[Dataset entries]
┄┄┄┄┄┄

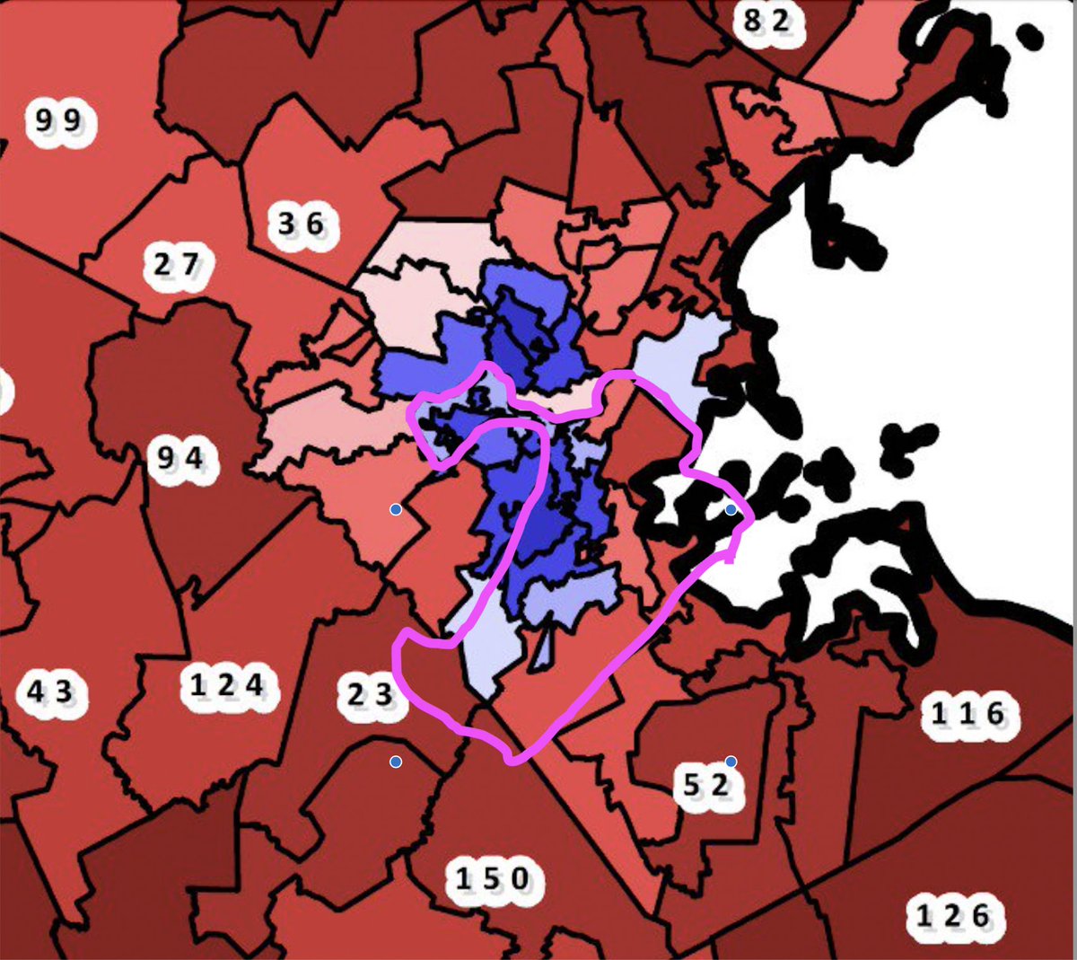 @jacremes @TomSugrue Here are the state senate districts by their vote in the 2018 Baker landslide.I tried to vaguely trace the city borders in purple. These have the additional benefit they ought to be equal-population... Absolute-worse-case, you're getting 6 additional D strongholds.
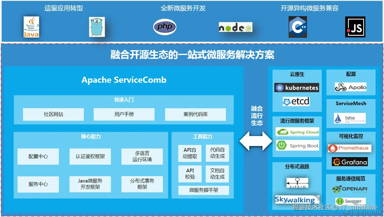 核心架构特点:采用分层设计,将服务治理能力与业务代码解耦,支持REST、RPC等多种通信协议,适配单体迁移、全新开发等多种微服务落地场景。
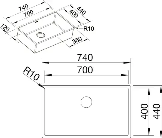 Blanco Claron Кухонная мойка, встр. снизу 74x44x19h, цвет: сталь 521581
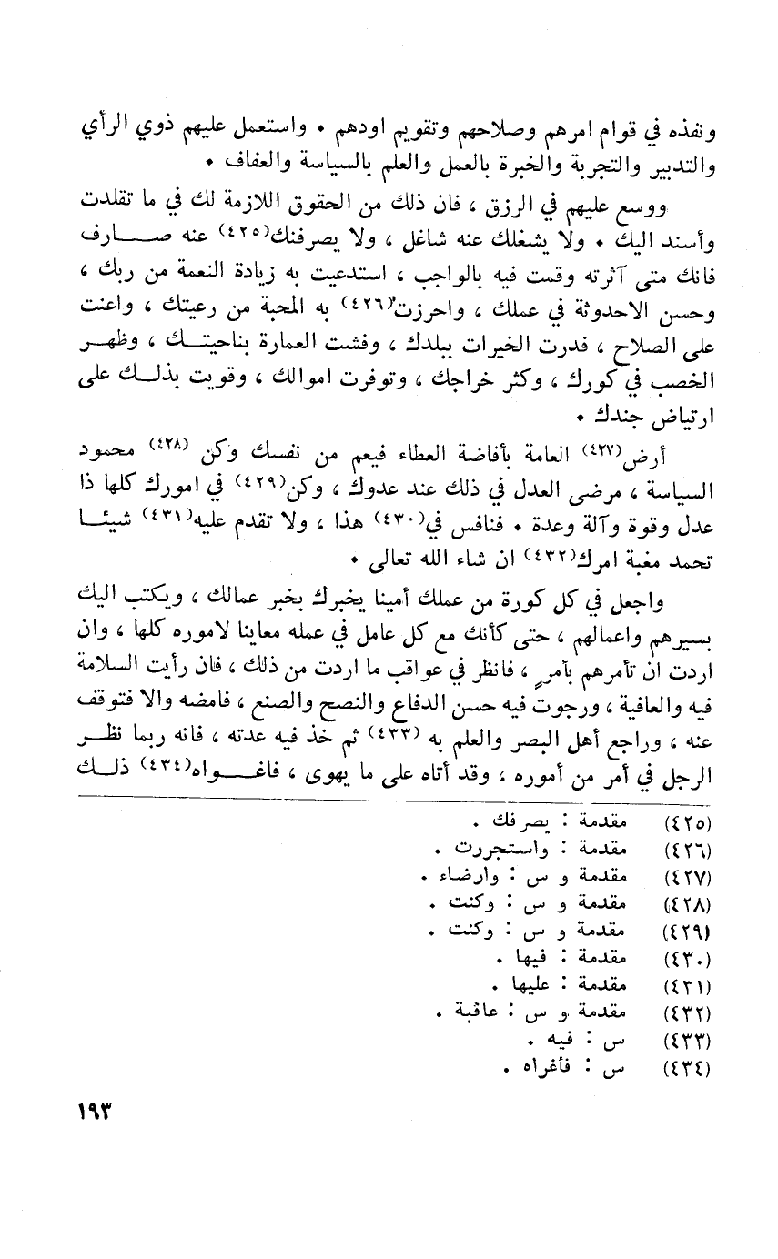 ووسع عَلَيْهِم فِي الرزق فان ذَلِك من الْحُقُوق اللَّازِمَة لَك فِي مَا تقلدت وَاسْنِدِ اليك وَلَا يشغلك عَن شاغل وَلَا يصرفنك عَنهُ صَارف فانك مَتى اثرته وَقمت فِيهِ بِالْوَاجِبِ استدعيت بِهِ زِيَادَة النِّعْمَة من رَبك وَحسن الاحدوثة فِي عَمَلك واحرزت بِهِ الْمحبَّة من رعيتك واعنت على الصّلاح فَدرت الْخيرَات ببلدك وفشت الْعِمَارَة بناحيتك وَظهر الخصب فِي كورك وَكثر خراجك وتوفرت اموالك وقويت بذلك على ارتياض جندك
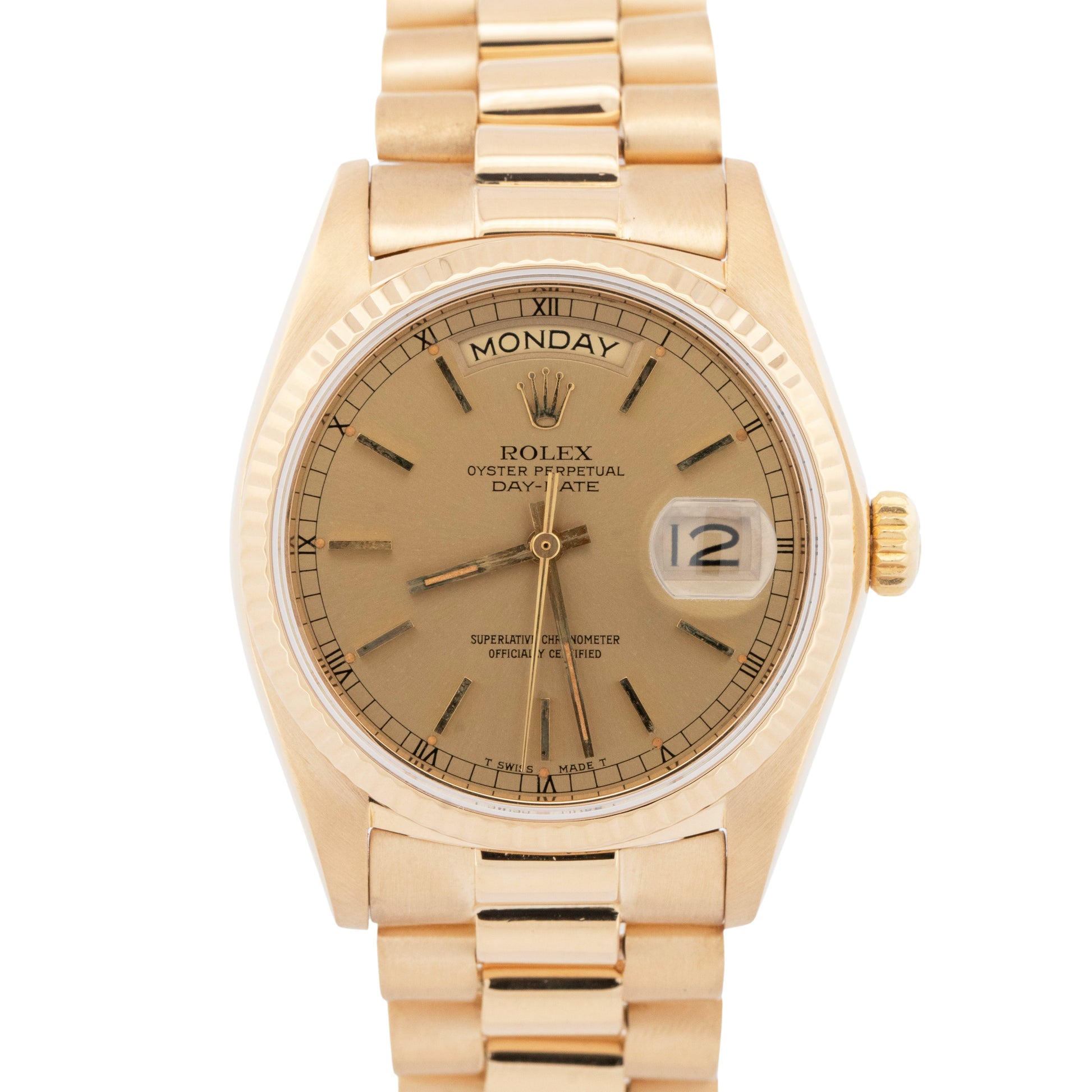 Rolex Day-Date President Champagne 36mm 18K Yellow Gold Fluted Watch 18038

┄┄┄┄┄┄

**Requirement:** Exact repetition of each line above is expected; images are to be omitted.

**Output below:**
 @jacremes @TomSugrue Here are the state senate districts by their vote in the 2018 Baker landslide.I tried to vaguely trace the city borders in purple. These have the additional benefit they ought to be equal-population... Absolute-worse-case, you're getting 6 additional D strongholds.
 核心架构特点:采用分层设计,将服务治理能力与业务代码解耦,支持REST、RPC等多种通信协议,适配单体迁移、全新开发等多种微服务落地场景。
 Blanco Claron Кухонная мойка, встр. снизу 74x44x19h, цвет: сталь 521581
 ووسع عَلَيْهِم فِي الرزق فان ذَلِك من الْحُقُوق اللَّازِمَة لَك فِي مَا تقلدت وَاسْنِدِ اليك وَلَا يشغلك عَن شاغل وَلَا يصرفنك عَنهُ صَارف فانك مَتى اثرته وَقمت فِيهِ بِالْوَاجِبِ استدعيت بِهِ زِيَادَة النِّعْمَة من رَبك وَحسن الاحدوثة فِي عَمَلك واحرزت بِهِ الْمحبَّة من رعيتك واعنت على الصّلاح فَدرت الْخيرَات ببلدك وفشت الْعِمَارَة بناحيتك وَظهر الخصب فِي كورك وَكثر خراجك وتوفرت اموالك وقويت بذلك على ارتياض جندك
 Rolex Day-Date President Champagne 36mm 18K Yellow Gold Fluted Watch 18038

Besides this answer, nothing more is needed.